Sorsanız herkes adaleti istediğini söyler.Peki,niçin?sorunuza manasız bir bakış cevap olur.İstemek koladır,lakin gereğini yerine getirmek mi? İşte o epey zordur. Değildir de zor gelir insana..
Adaletin eşitlik olduğunu herkes söyleyip durur. Fakat,doğru değil bu. Hakim karşısında eşitlikse bu tamam. Fakat,herkesin eşit miktarda para sahibi olması,herkesin refah içinde eşit yaşaması gibisinden bir eşitlik isteniyorsa,bu,boş ve ham hayaldir.

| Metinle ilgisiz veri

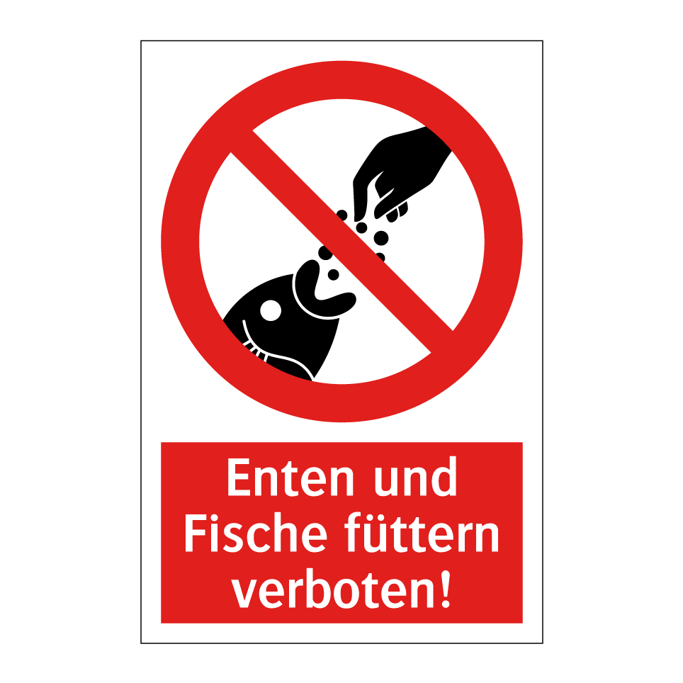 Verbotsschild mit dem Text Enten und Fische füttern verboten!
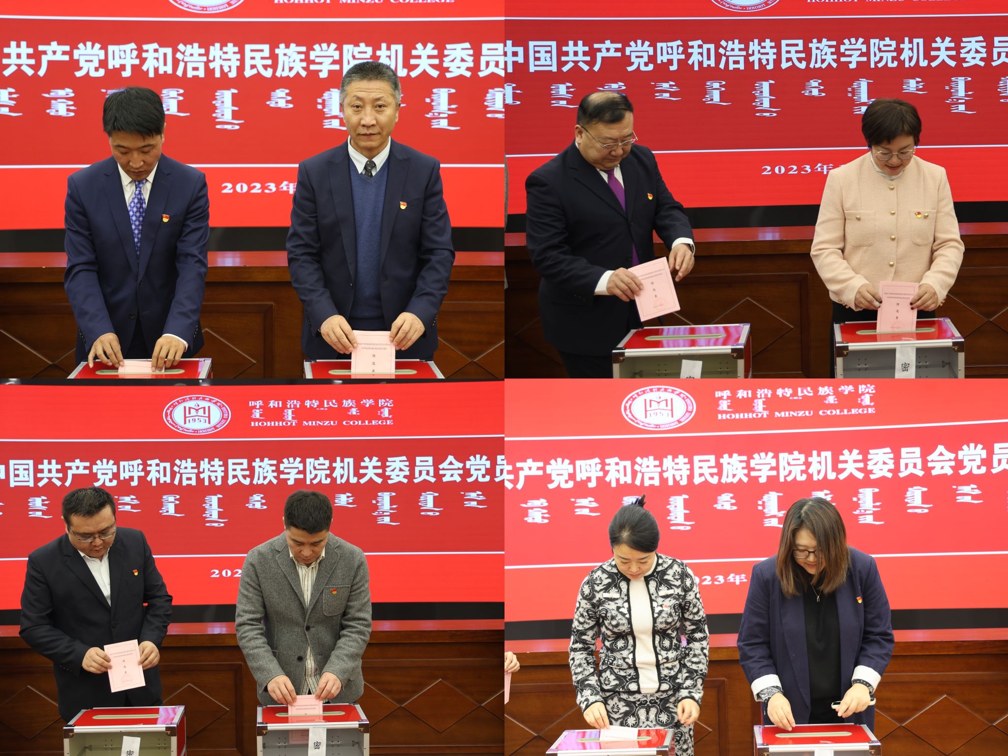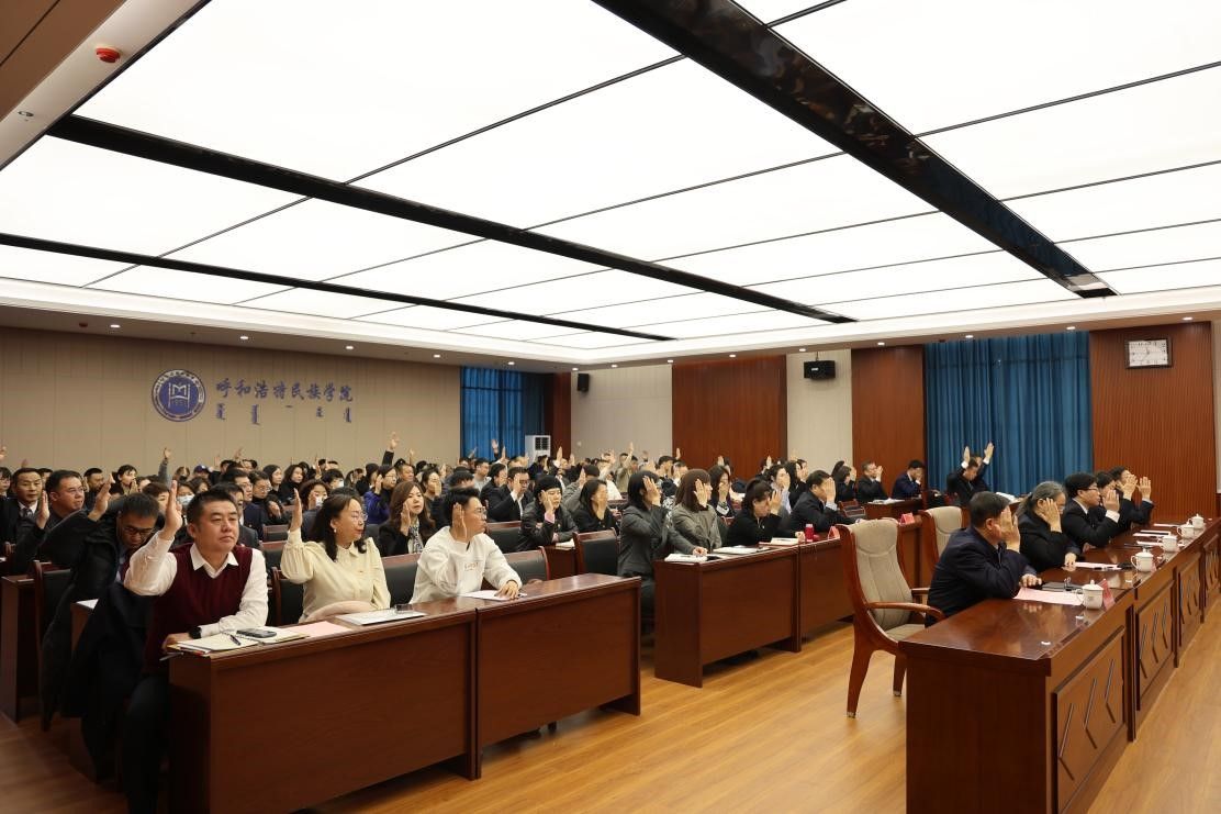 大會討論通過了《中國共產黨呼和浩特民族學院機關委員會委員選舉辦法(草案)》、新一屆黨委委員候選人名單、總監票人、監票人名單,宣布了計票人名單。

Herkes adalet ister. İstisnası yoktur.
Fakat,adaletli insan pek az bulunur.
Böyle garip bir dünya…
Adaletin teorisini dillerinden düşürmeyenler,sıra uygulamasına gelince,işin içine eş,dost,akraba,hal,hatır,makam,mevkii girer.
Hz. Ömer,adaletin sembolüdür.Bunu herkes böyle bilir.Fakat,Ömer’i örnek alma durumu pek olmaz.Kimsenin işine gelmez pek.İşin edebiyatı yapılır fakat tatbikine bir türlü sıra gelmez.Abu sabuk bahanelere sarılır insanoğlu.
Hz. Ömer’in adaleti üzerine kıssalar anlatmaya gelince diller bülbül kesilir,övgülerin sonu gelmez,amma ne var ki hepsi bu kadardır.Muhteşem örnekler kitaplarda kalır hep.
Bu bağlamda Hz. Ömer ile alakalı şöyle bir olay geçer kaynaklarda:
Hz. Ömer ile Ka’b oğlu Ubey ile bir konuda ihtilafa düşerler.Mesele mahkemeye intikal eder. Kadı yani hakim olan Sabit’in oğlu Zeyd Hz. Ömer’e hem meşhur ve hem de Müminlerin Emiri (Halife) olması sebebi ile sanki biraz abartılı hürmet eder. Bunun üzerine Hz. Ömer, Hakime:
“Ey Hakim,bu yaptığın senin ilk adaletsizliğin.”der ve kendisini dava eden şahsın(Ka’b oğlu Ubey) yanına oturur.Ubey’in delili yoktu.Ömer bu iddiayı reddedince,iddia sahibi,Ömer’e yemin etmesini teklif eder.Bunun üzerine Hakim,davacıya dnerek hakkından vaz geçmesini talep eder. Bu duruma canı sıkılan Ömer,Hakim’e şöyle der:
“Eğer senin nazarında Ömer ile her hangi bir adam eşit değilse,hakimlik makamına layık değilsin..”
İşte bu.. Adaletse bu..
“Adalet Devlet’in temelidir.” Sözü de Hz. Ömer’indir.